• **DATASET**:

---

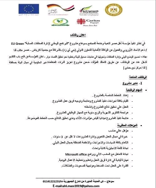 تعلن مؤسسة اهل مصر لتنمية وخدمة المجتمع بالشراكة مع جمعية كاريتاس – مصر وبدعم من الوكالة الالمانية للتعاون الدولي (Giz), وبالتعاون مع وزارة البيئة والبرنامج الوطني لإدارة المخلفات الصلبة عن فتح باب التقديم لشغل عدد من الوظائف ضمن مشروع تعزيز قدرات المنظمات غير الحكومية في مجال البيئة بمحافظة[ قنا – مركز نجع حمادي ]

---

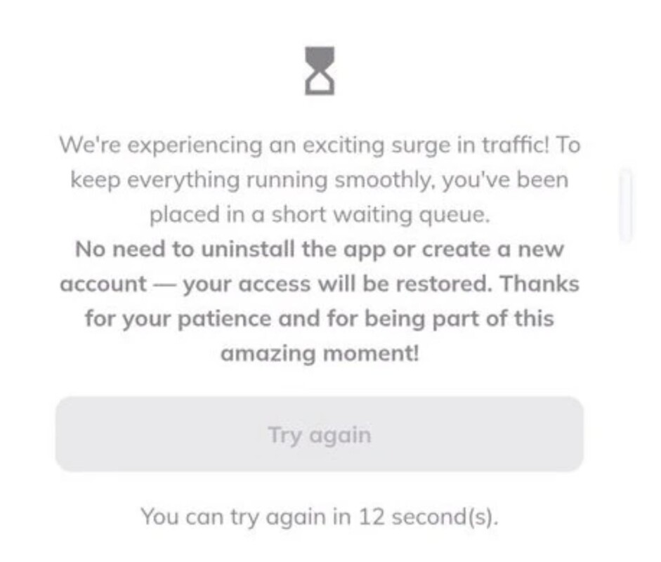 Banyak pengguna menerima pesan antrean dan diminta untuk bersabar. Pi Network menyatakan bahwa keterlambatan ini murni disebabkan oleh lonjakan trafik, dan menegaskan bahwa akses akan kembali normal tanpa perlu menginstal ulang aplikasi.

---

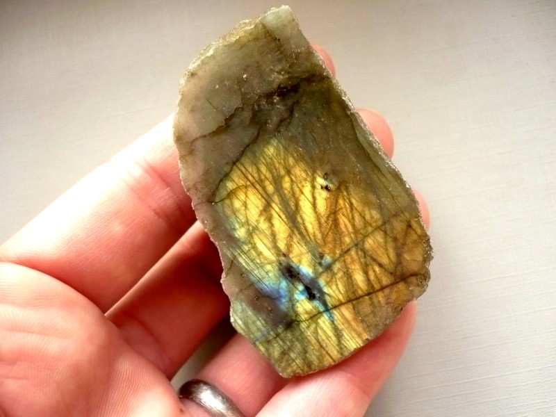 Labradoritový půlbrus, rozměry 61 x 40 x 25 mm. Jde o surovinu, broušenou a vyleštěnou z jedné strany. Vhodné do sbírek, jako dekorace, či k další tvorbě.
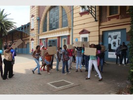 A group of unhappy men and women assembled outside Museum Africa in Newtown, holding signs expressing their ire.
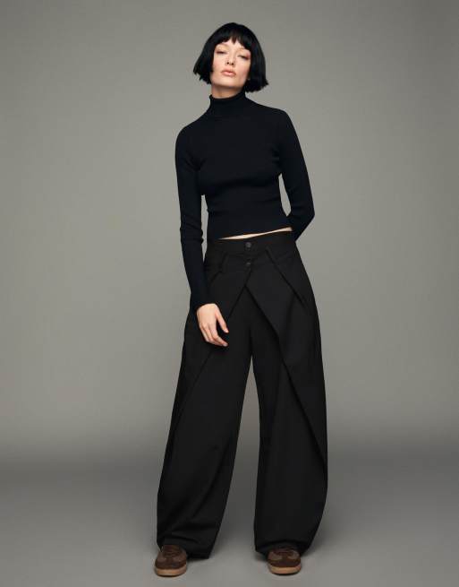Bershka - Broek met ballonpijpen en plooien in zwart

---

Extract the part of the records that opens with the line containing "A group of unhappy" and closes with the line containing "Bershka - Broek". Take only those lines, exactly, and no pictures.

 A group of unhappy men and women assembled outside Museum Africa in Newtown, holding signs expressing their ire.
Bershka - Broek met ballonpijpen en plooien in zwart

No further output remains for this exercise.